EXERCISE PROMPT:
Shown below are entries with pictures; the line with "维达抽纸超韧3层130抽8包/提软抽餐巾纸面巾纸卫生纸宝宝可用" through the line with "Hello Dolly Dolly" is the span to retype exactly, and the pictures stay out.

PROVIDED RECORDS:
--- --- ---
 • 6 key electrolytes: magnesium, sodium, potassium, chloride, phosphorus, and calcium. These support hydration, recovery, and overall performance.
--- --- ---
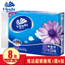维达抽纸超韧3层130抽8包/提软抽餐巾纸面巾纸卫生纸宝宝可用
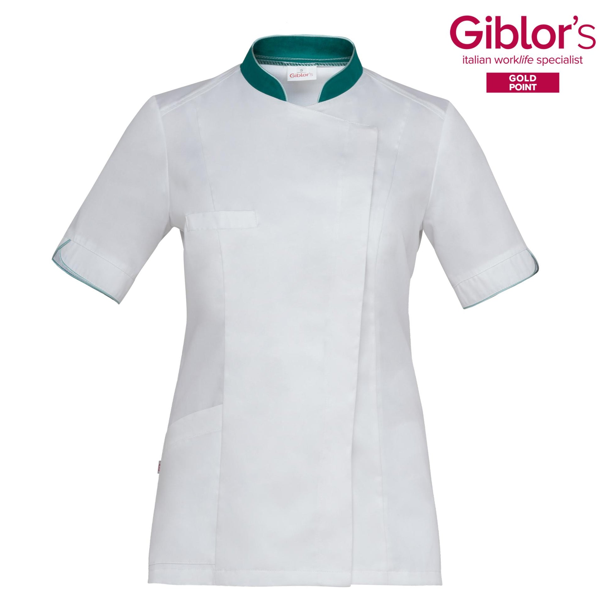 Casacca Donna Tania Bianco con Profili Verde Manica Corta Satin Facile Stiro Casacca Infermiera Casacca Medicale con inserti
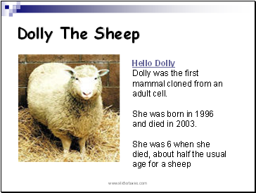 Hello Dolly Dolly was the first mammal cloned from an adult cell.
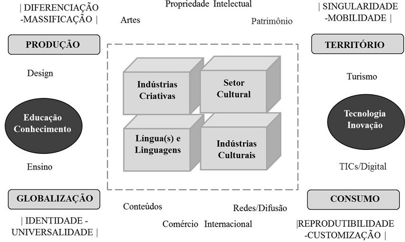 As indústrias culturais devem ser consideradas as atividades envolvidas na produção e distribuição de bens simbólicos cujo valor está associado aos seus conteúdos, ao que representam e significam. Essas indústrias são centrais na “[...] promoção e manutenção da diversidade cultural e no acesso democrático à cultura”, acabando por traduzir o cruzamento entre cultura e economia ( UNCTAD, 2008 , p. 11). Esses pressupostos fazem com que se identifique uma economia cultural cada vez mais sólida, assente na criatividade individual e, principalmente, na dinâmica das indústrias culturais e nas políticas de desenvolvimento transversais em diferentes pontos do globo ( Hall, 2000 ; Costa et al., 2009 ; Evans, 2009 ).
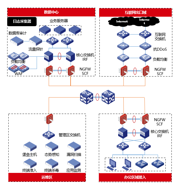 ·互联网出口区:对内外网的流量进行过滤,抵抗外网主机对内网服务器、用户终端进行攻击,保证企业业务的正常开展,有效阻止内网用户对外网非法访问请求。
--- --- ---
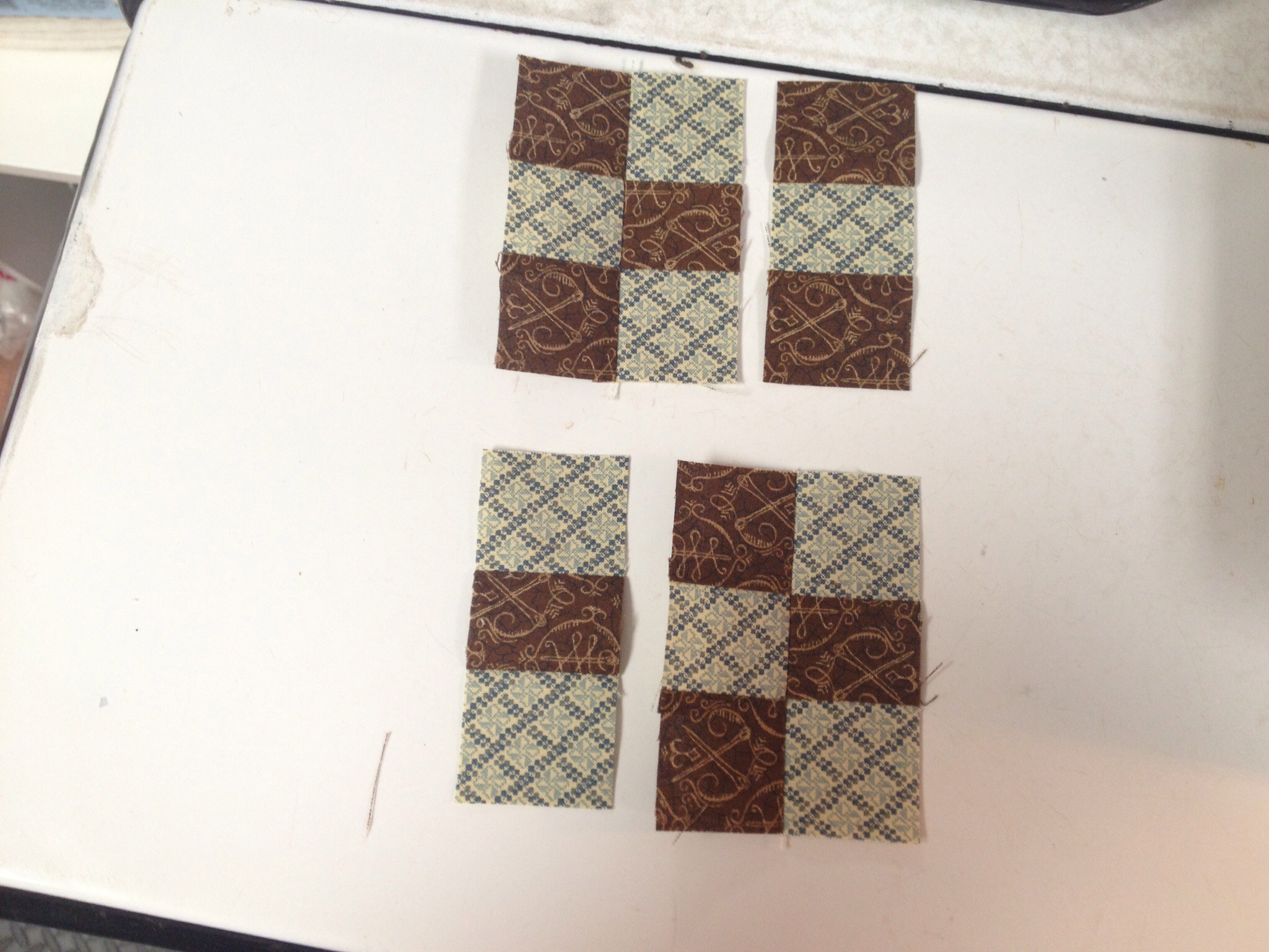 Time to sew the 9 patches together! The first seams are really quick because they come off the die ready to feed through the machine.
--- --- ---
TASK ANSWER:
维达抽纸超韧3层130抽8包/提软抽餐巾纸面巾纸卫生纸宝宝可用
 Casacca Donna Tania Bianco con Profili Verde Manica Corta Satin Facile Stiro Casacca Infermiera Casacca Medicale con inserti
 Hello Dolly Dolly was the first mammal cloned from an adult cell.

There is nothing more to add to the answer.